Series 7?

Discussion in 'Professional Trading' started by Loren1711, Sep 19, 2007.

  1. Loren1711


    Hey everyone, thanks in advance for any help you can offer.

    Anywho heres the deal. I am currently a junior in high school, 16 years old, and am really interested in trading. I've had a part time job for the past 2 and a half years, and have basically invested every penny I have earned. I started out in mutual funds, creating a well diversified portfolio, about two years ago. About a year ago I began to truly enjoy active trading. I started with individual stocks, dabbled with microcaps, and in the past 6 months have moved to index options. Though I had a tough time at first, I have recovered from my losses, and have learned a ton from what I have done.

    Basically the reason I came to post here, was because today during school, I was in the councelling office talking to my counsler about college. Basically all of the schools we discussed want a clear passion in each applicant. I truly feel that I have a passion, (read above) and after talking to me, my counsler agreed. The problem we found was how do I express this passion, in a situation were interviews don't exist, essays are created based on universal promts, no investement club etc exists (atleast that I know of, if someone could suggest one that would be awesome) and very few, if any places offer internships to high school students. The counsler knew virtually nothing about investements or the financial workd, so she told me to go home and talk with my parents (who also know very little) about what I could do to express this passion.

    So far the only thing I can think of is getting a Series 7 liscence, or some other certification, even if I dont use it, and of course an internship. Other than the fact that you have to have work experience what are some of the other requirements for the Series 7 or other certifications?

    If anyone has a list of requirements for the Series 7, or other certifications, any information about internships (dosen't really matter were, but in a prop shop would be nice since they do active trading) or any other ideas to achieve this, that would awesome.

  2. malaka56


    Go to the best University you can, preferably Ivy. Double major in Business and Computer Science. May have to go on for an MBA or other technical degree. This would be ideal.

    If you want to be a "prop" trader for yourself, just find a decent firm, throw cash at them and off you go. Doesn't leave a lot of room open for other options if you change your mind however..
  3. You need to be working for or affiliated with a NASD firm to be sponsored to take the Series 7. You cannot just go out and take the test.
  4. I never understood why anyone requires a series 7 to trade prop. I have friends at SAC and Millenium and they don't require them. Feels like it's just way to handcuff you.
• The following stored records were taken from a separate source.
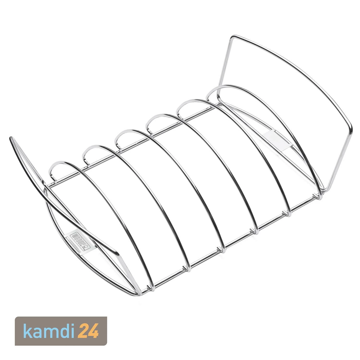 Der von Weber hat nicht nur Platz für Rippchen, sondern kann umgedreht auch als Korb für einen genutzt werden. Das Rack besteht aus , ist leicht zu transportieren und zu reinigen.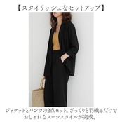 ・ジャケットとパンツの2点セット。ざっくりと羽織るだけでおしゃれなスーツスタイルが完成。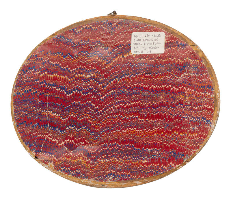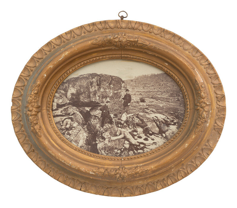 4 3/8 x 6 in. (sight) albumen photograph of two men standing among rocks and what appear to be dead bodies at Devil's Den, housed in an oval gilt frame, 8 x 9 1/2 in. overall (print with some light imperfections, not examined out of the frame; frame with some cracks and surface wear throughout).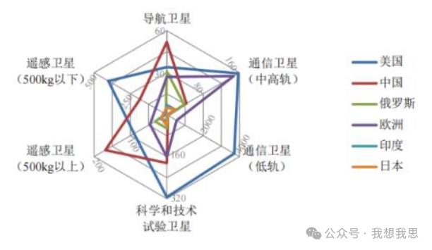 在轨航天器方面,截至 2022 年底,全球在轨航天器数量达 7218 个,其中美国在轨航天器总数达 4731 个,占全球总数的 65.5%;欧洲在轨航天器总数达 1002 个,位居世界第二;中国在轨航天器数量达 704 个,首次超过 700 个。同时,从在轨航天器分布领域来看,美欧高轨通信卫星数量全球领先,美国低轨通信卫星领跑全球,中国大中型遥感卫星、导航卫星数量位居世界第一。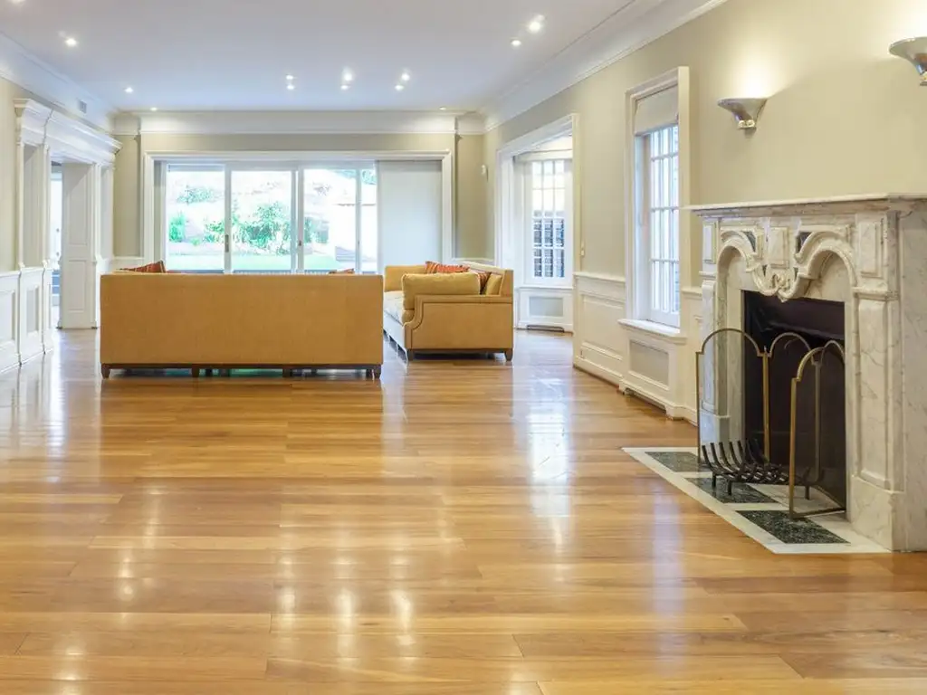 El estar principal con hogar de mármol estilo francés y el comedor formal se integran visual y funcionalmente al exterior a través de grandes ventanales que conectan con la galería cubierta, el jardín parquizado y la piscina.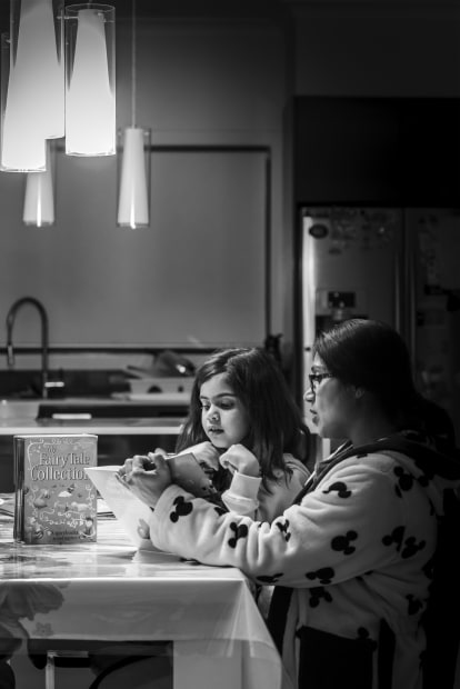 My wife telling story to my 5 year old to keep her entertained during the lockdown.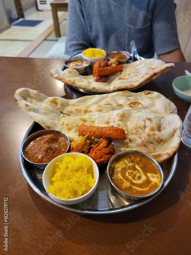 curry, rice, indian food, food photography, culinary, spice, aromatic, tasty, delicious, flavorful, dinner, lunch, meal, traditional, culture, gastronomy, vegetarian, non-vegetarian, sauce, presentation, epicure, eatery, dining, dish, platter, indian culture, asian cuisine, table setting, epicure, ethnic food, authentic, bread, saucy, serving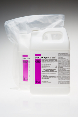 DECON-QUAT* Quaternary Ammonium Solution^ Disinfectant, food/non-food contact sanitizer. For Pseudomonas aeruginosa, Staphylococcus aureus, Salmonella choleraesuis. Prefiltered to 0.2u, gamma irradiated, double-bagged. Lot-specific Certificates of Irradiation and Analysis, Sterility Report. 3.78L.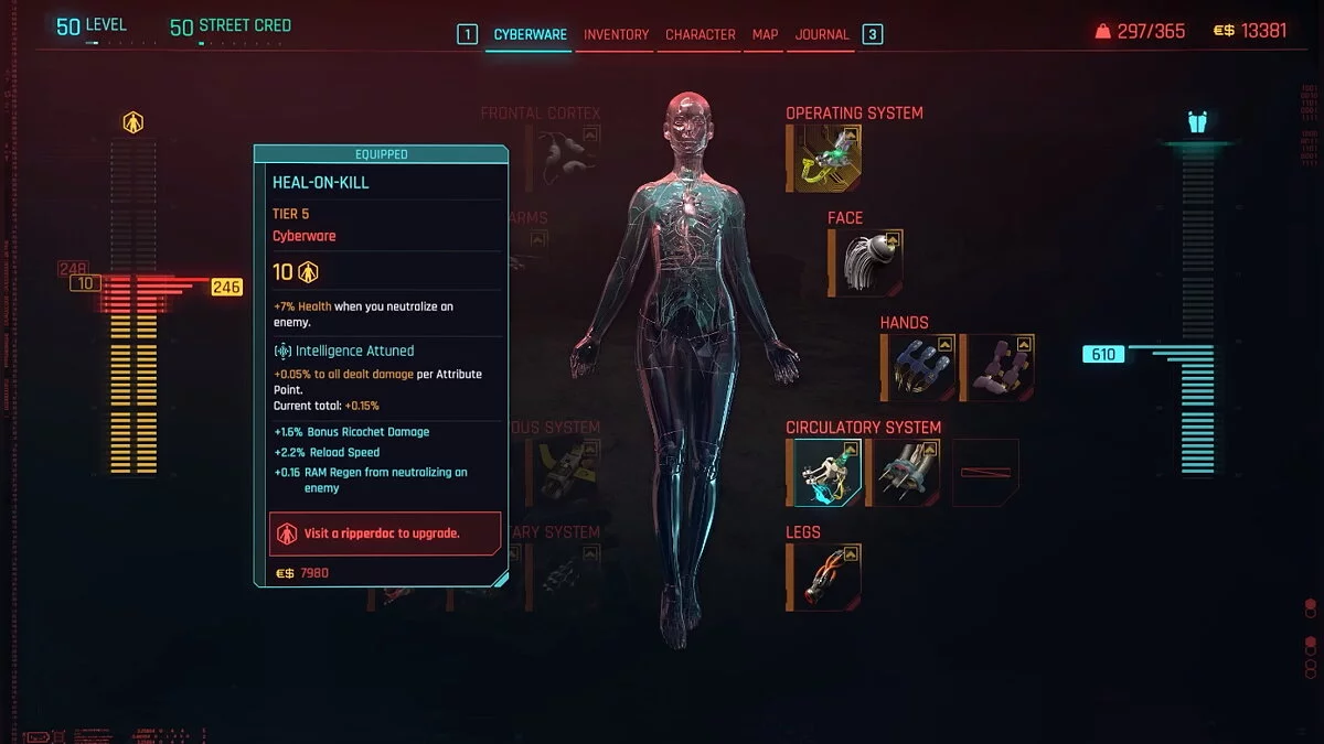 Обратите внимание: Во время установки хрома нужно следить за очками имплантов. Если вы превысите лимит, то получите эффект киберпсихоза. Поэтому установить все самые лучшие модификаторы тела не получится — придётся выбирать между мощной защитой от пуль, замедлением времени и возможностью взламывать вражеских солдат.
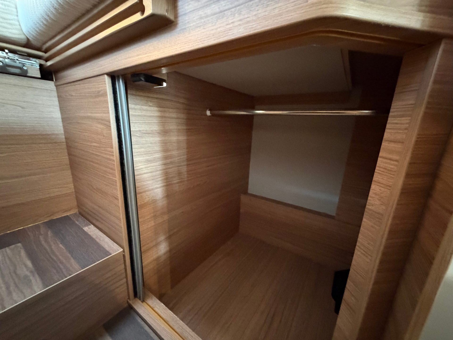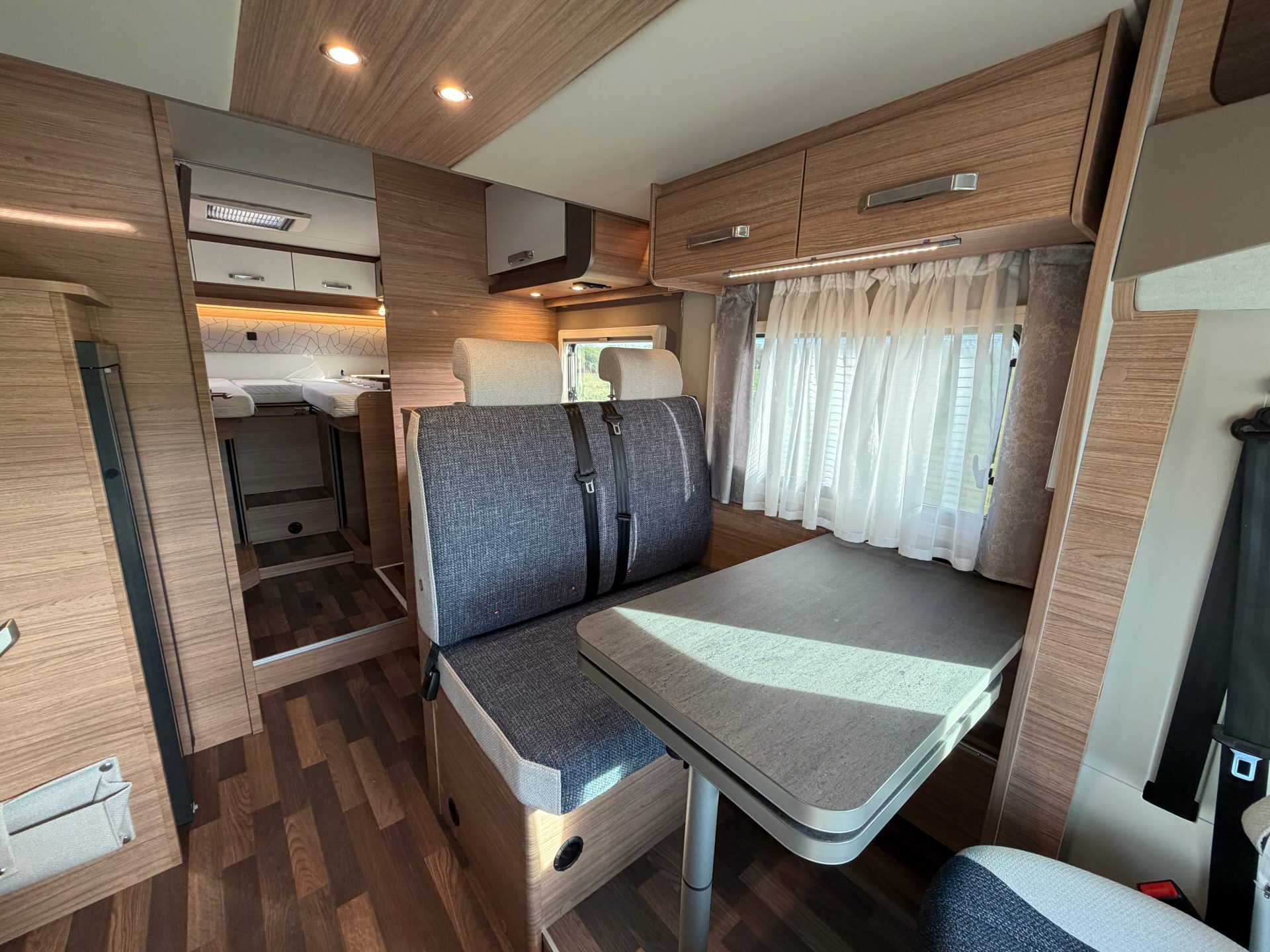 Bij binnenkomst via de brede toegangsdeur valt direct de open en ruime opzet op. De comfortabele zithoek bestaat uit een grote bank, een extra zitje bij de deur en draaibare cabinestoelen. Hierdoor is er volop zitruimte voor iedereen. Achterin vind je de ruime lengtebedden en een praktisch ingedeelde, gescheiden toilet- en doucheruimte. De verwarmde XXL-garage biedt daarnaast meer dan voldoende ruimte voor al je bagage en vakantiespullen.

  5. agree, its all bs, unless your being hired as a employee with a salary. too much nonsense otherwise. no need for daytraders.
  6. NASD way to regulate the industry, just like ABA requires the BAR to practice law. Makes sure you know the products and rules and regulations.
  7. Loren1711


    So I guess the Series 7 is out of the question.

    I am in high school right now, and aside from a miracle I would never get into an ivy league school. Basically the schools I am considering are University of Colorado Leeds School of Business, which according to just about everyone I have talked to is a good school, but its not ranked nationally. (I get instate tuition here and its an awesome campus) And then University of Indiana Kelley School of Business. Its out of state, so tuition is comparable to ivy league (not quite but close) but I would probably get in, and its ranked 3 on undergrad business schools.

    Obviously going to an ivy league school would be great, but aside from if I cure cancer in the next year, I most likely won't have a chance.

    So since I can't take a series 7, what are some other ideas as to what I can do to demonstrate my true passion to colleges? Any ideas?
  8. you have time yet.. i guess at 18, you can open a account, maybe a sub-llc structure account or even apply to a few firms as a trainee if you have a passion for trading & if needed get series 7 license only if required for a employment position. their are may opportunities available, you have a head start since you have experience trading your own account, which is unique at your age. keep it going, you have plenty of time to figure out what you want to do in starting a career. your on the right track if the market is your passion.. you have a bright future ahead if you stay focused on what you want, once you complete school, your on your way in finding what is right for you.. the market will be around.. no rush..
  9. First, I doubt you have friends in these places if you don't understand. 15 year ago a prop trader was truly that. Now it is just a fee generator.

    Just like hedge funds used to be "hedge funds!!!!" Steve is still one of the good guys.

  10. Go to college and get a degree and trade your own account on the side. With a good enough track record, ivy league is not needed.